Exercise directions:
Word for word, copy the lines from the one with "Le printemps est" to the last line of the data below, counting both, and keep every picture out.
[Opening Data to examine section]
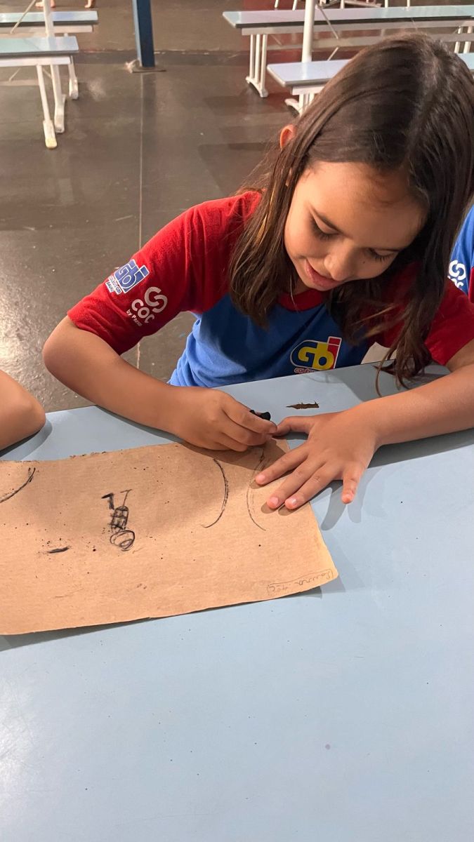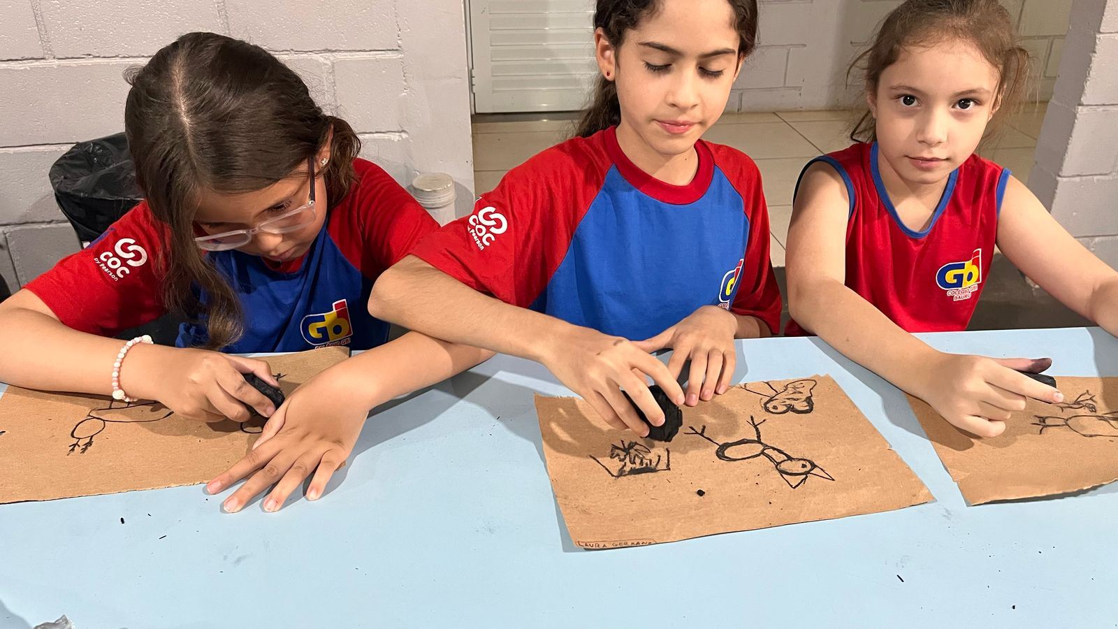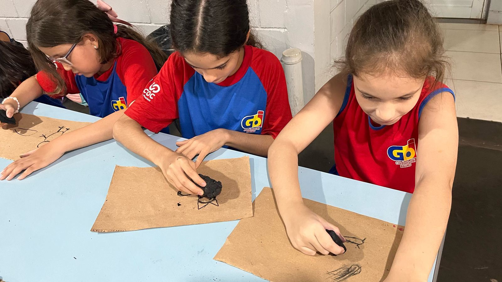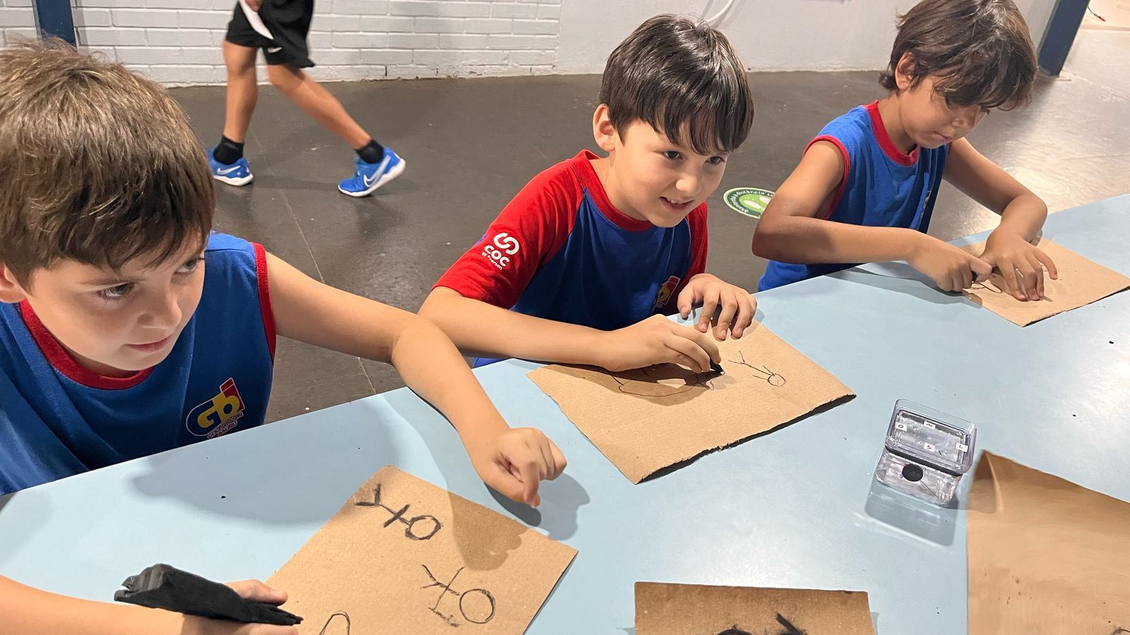 Como estudo da Pré-História, os alunos do 4 ano B e C fizeram ilustrações com carvão uma arte rupestre.
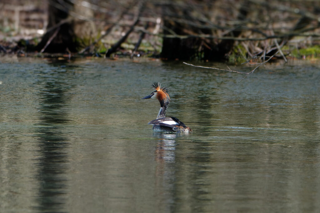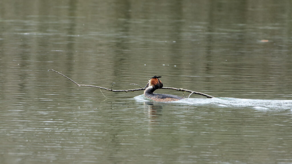 Le printemps est une période chargée pour les grèbes. Comme l’an dernier, deux nids sont en construction sur l’étang, mais celui-ci n’est occupé que par un grèbe célibataire. La huppe déployée, il semble toujours à la recherche d’un colocataire pour […]
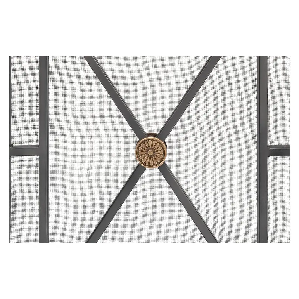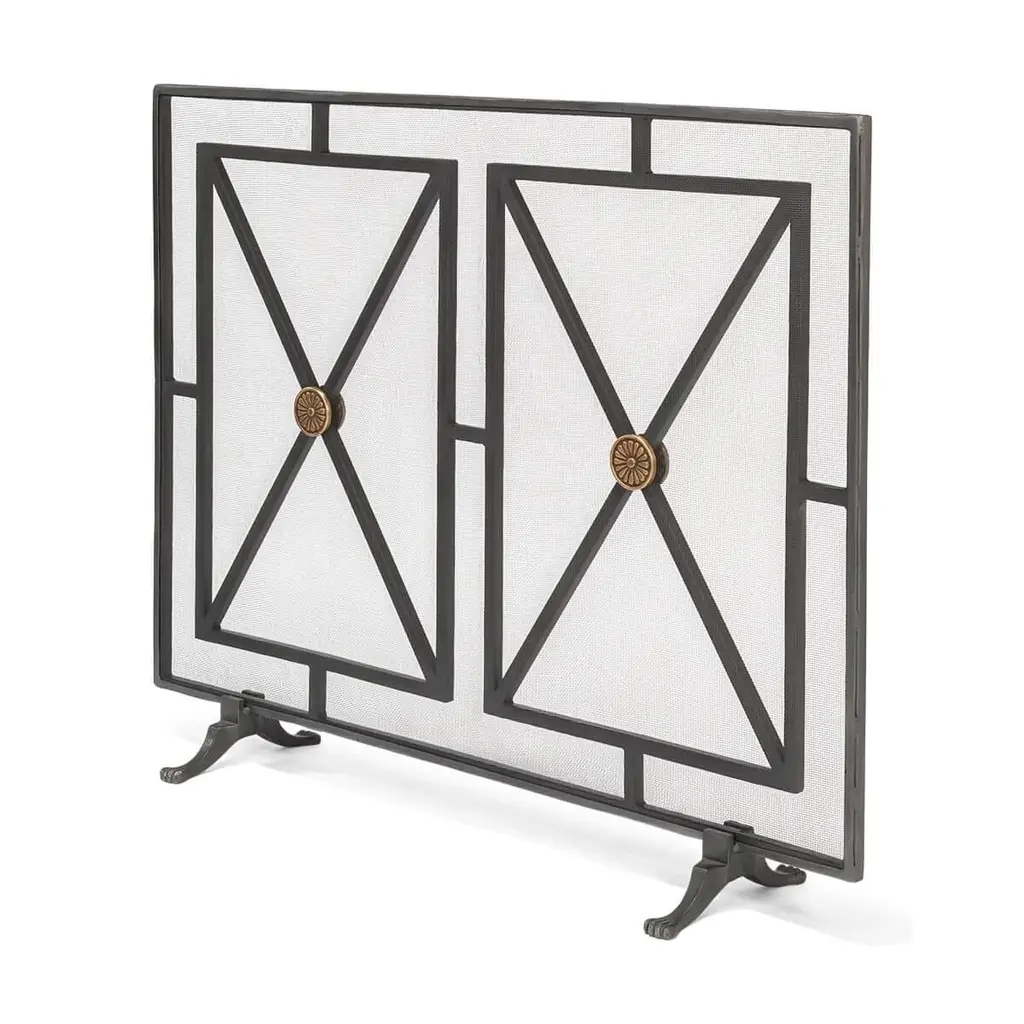 A French Directoire style dark grey iron paneled fireplace screen with X frame panels centered with gold rosettes and raised on paw feet.Dimensions38" W x 9" D x 30" H.
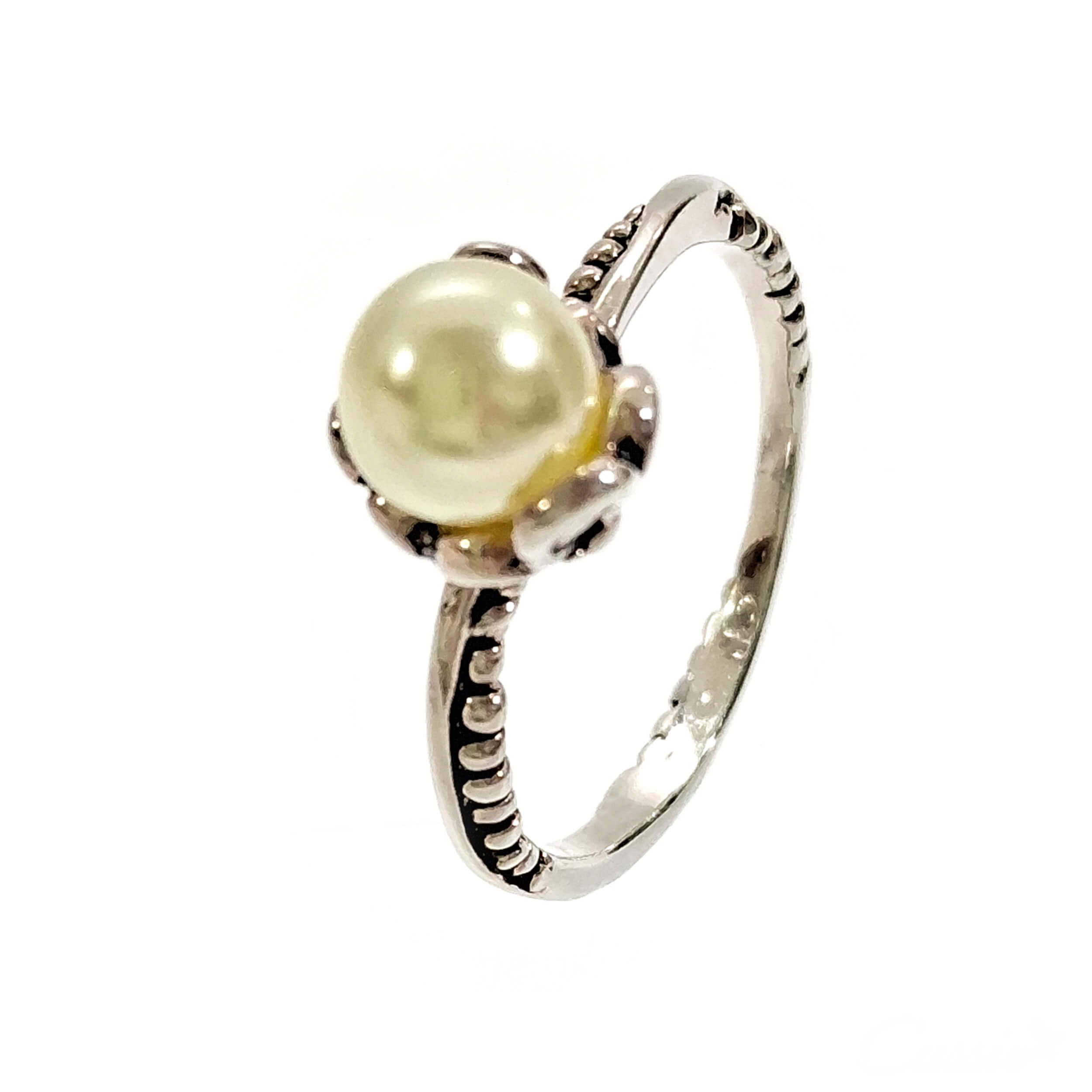 Anel solitário de pérola sintética, com base de "flor" e acabamento envelhecido para realçar os detalhes do anel.
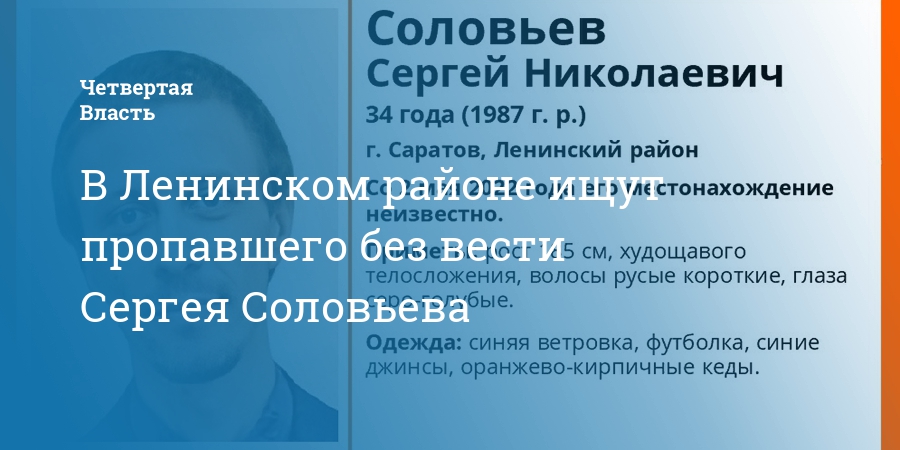 В Ленинском районе ищут пропавшего без вести Сергея Соловьева
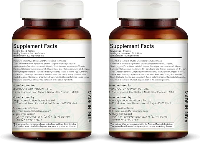 • Formulation: Vedikroots Punarnavadi Guggulu tablets are crafted using special herbs from the ancient tradition of Ayurveda, and are used as a diuretic & to treat swelling issues.
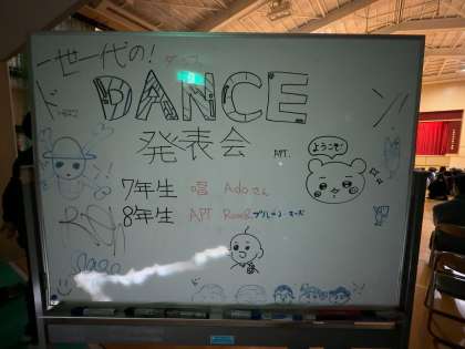 2月21日の5時間目は、小中合同行事で、7・8年生のダンス発表会を行いました。それぞれの学年が体育の授業や休み時間も使って練習をしたダンスを、1年生から9年生までの全員で見ました。
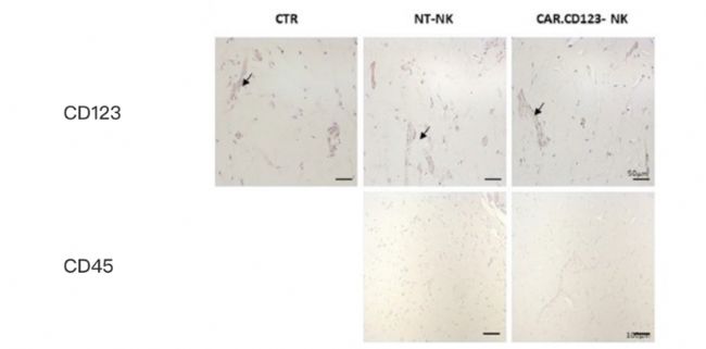 圖4:hIL-15 NOG小鼠人內(nèi)皮細(xì)胞組織免疫組化染色結(jié)果。CAR.CD123-NK組中可見內(nèi)皮組織重建(CD123),未見hCD45+細(xì)胞浸潤(代表NK細(xì)胞)。
[Closing Data to examine section]
The answer:
 Le printemps est une période chargée pour les grèbes. Comme l’an dernier, deux nids sont en construction sur l’étang, mais celui-ci n’est occupé que par un grèbe célibataire. La huppe déployée, il semble toujours à la recherche d’un colocataire pour […]
 A French Directoire style dark grey iron paneled fireplace screen with X frame panels centered with gold rosettes and raised on paw feet.Dimensions38" W x 9" D x 30" H.
 Anel solitário de pérola sintética, com base de "flor" e acabamento envelhecido para realçar os detalhes do anel.
 В Ленинском районе ищут пропавшего без вести Сергея Соловьева
 • Formulation: Vedikroots Punarnavadi Guggulu tablets are crafted using special herbs from the ancient tradition of Ayurveda, and are used as a diuretic & to treat swelling issues.
 2月21日の5時間目は、小中合同行事で、7・8年生のダンス発表会を行いました。それぞれの学年が体育の授業や休み時間も使って練習をしたダンスを、1年生から9年生までの全員で見ました。
 圖4:hIL-15 NOG小鼠人內(nèi)皮細(xì)胞組織免疫組化染色結(jié)果。CAR.CD123-NK組中可見內(nèi)皮組織重建(CD123),未見hCD45+細(xì)胞浸潤(代表NK細(xì)胞)。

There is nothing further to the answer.